- Dates: 1–4 July 2010
- Host city: Hanoi, Vietnam
- Venue: Mỹ Đình National Stadium
- Level: Junior (under-20)
- Events: 44
- Participation: 37 nations
- Records set: 2 Championship records

= 2010 Asian Junior Athletics Championships =

The 2010 Asian Junior Athletics Championships was the 14th edition of the international athletics competition for Asian under-20 athletes, organised by the Asian Athletics Association. It took place from 1 to 4 July 2010 at the Mỹ Đình National Stadium in Hanoi – the first time the competition was held in Vietnam.

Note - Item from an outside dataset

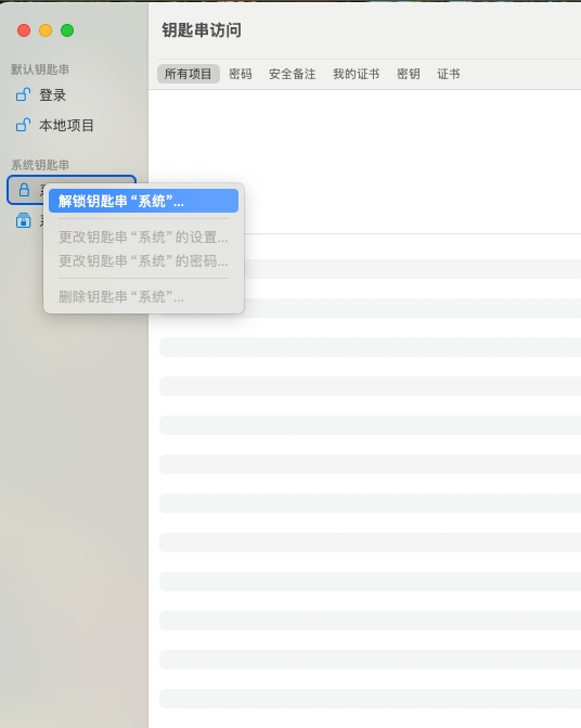 3、右键点击系统,选择“解锁钥匙串“系统””,再次输入开机密码

A total of 44 events were contested, which were divided equally between male and female athletes. Three championship records were improved over the course of the four-day competition and numerous national junior records were also bettered. The competition, including its opening and closing ceremonies, was broadcast live on Vietnamese carrier VTV3.

China was easily the most successful nation, topping the medal tally with thirteen gold medals and 26 medals in total. Kazakhstan initially had the second greatest number of winners, with 5 of their eight medals being gold medals, but positive doping tests later reduced them to eighth in the ranking. Second-placed Japan (with four golds) had a much larger overall haul, taking 22 medals at the competition. Chinese Taipei placed third with four golds and thirteen medals in total, while India had the third highest medal tally, with fourteen medals. Among the 21 nations that won medals in Hanoi, Thailand, Qatar and Bahrain were others to feature prominently on the podiums. The hosts, Vietnam, did not manage to secure a gold medal, but they still finished with a total of five medals.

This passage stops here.